In a lot of ways, this film is reminiscent of what James Wan did with Malignant: after many succeeding films attempted to mirror his style, Williamson has come back to reclaim it. Sick opens with a modern retelling of the Casey Becker kill, and is followed by similar twists, or beats you’ll see coming if you are a fan of Williamson’s meta slashers (you can almost feel Randy Meeks narrating certain moments). It’s not built like a subversive slasher; it’s built like an ass-kicking invasion movie that still nods to things like Jason Voorhees in a way Williamson is exceptional at. Wes Craven (who directed the first four Scream movies) had a way of making you hyper-aware and wary of doors, and director John Hyams (Alone) works with Williamson’s script to make a worthy successor to those movies. He shoots the subtle terror of open doors and empty doorways beautifully, and his horror action pieces are thrilling and terrifying. The bulk of the film’s scares are predictable, but they’re utterly effective and are built on creative sequences like a floating dock scene we’ll probably all gush about the rest of this year.

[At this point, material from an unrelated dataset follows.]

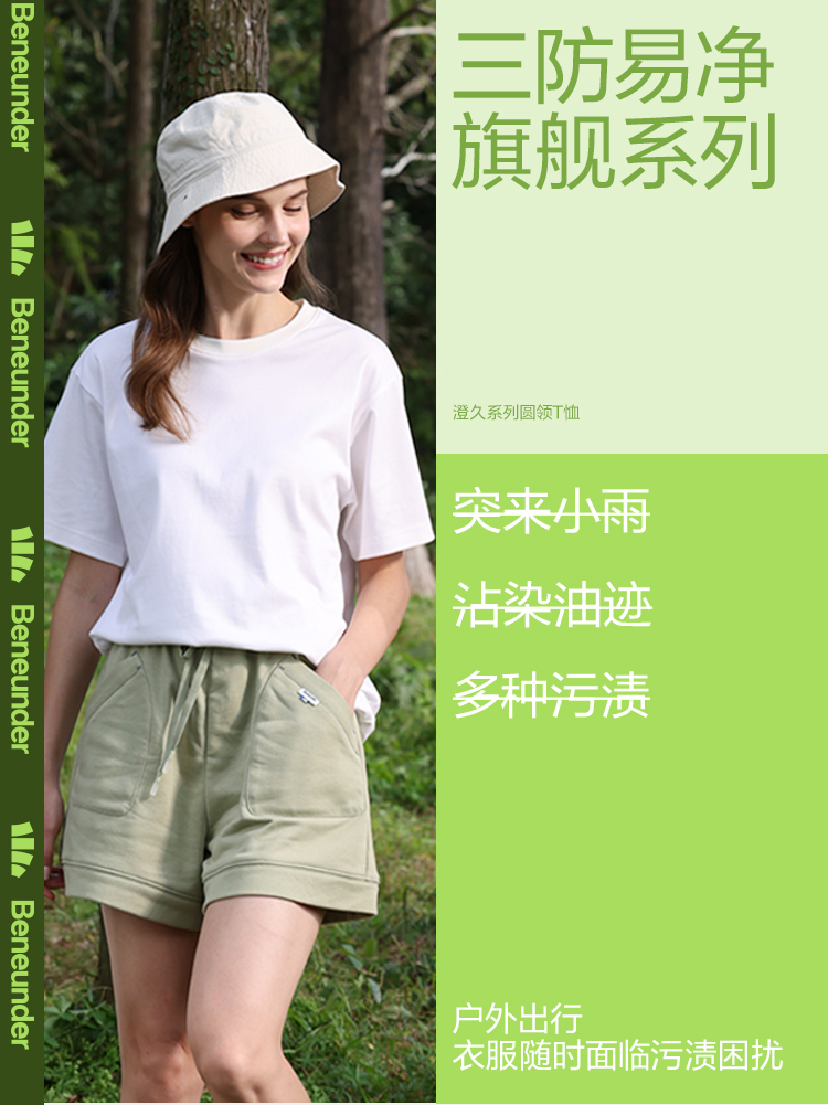 蕉下澄久系列圆领T恤 短袖t恤女短袖女情侣装夏季打底衫女防水拒油抗污易洗柔软舒适男女同款澄久圆领T恤 蓝烟灰L

But then there’s the third act. There’s a world where this finale will be divisive, or it might simply render the core themes forgettable. The final reveal takes the movie from a place of “oh hell ya, this is Scream but in COVID,” to “woof, this is just Scream but in COVID.” I’ll spare detailed spoilers, but the twist is a stark reminder of why COVID movies suck. The big reveal is a shallow reflection of pandemic anxieties that feels tasteless and comes with a cloudy message about the manifestation of our risk tolerances and the accompanying rage. It had to go as far as it did in order to make the motivations believable, but in doing so, it chucks a gut-wrenching and upsetting beat into an otherwise enjoyable scary movie. By playing the same game that Scream does, it swipes away the idea that this is nodding to Williamson’s more prominent work and, instead, makes it feel like someone retread that story to imagine it with a pandemic twist that probably could have remained in headcanon.

It’s 2022 and that means that this film festival comes with flooding into crowded theaters that have paper signs that say masks are “recommended.” It’s a strange and uncomfortable time, and Sick, an otherwise expertly built and intense home invasion thrill ride, reminds us of it.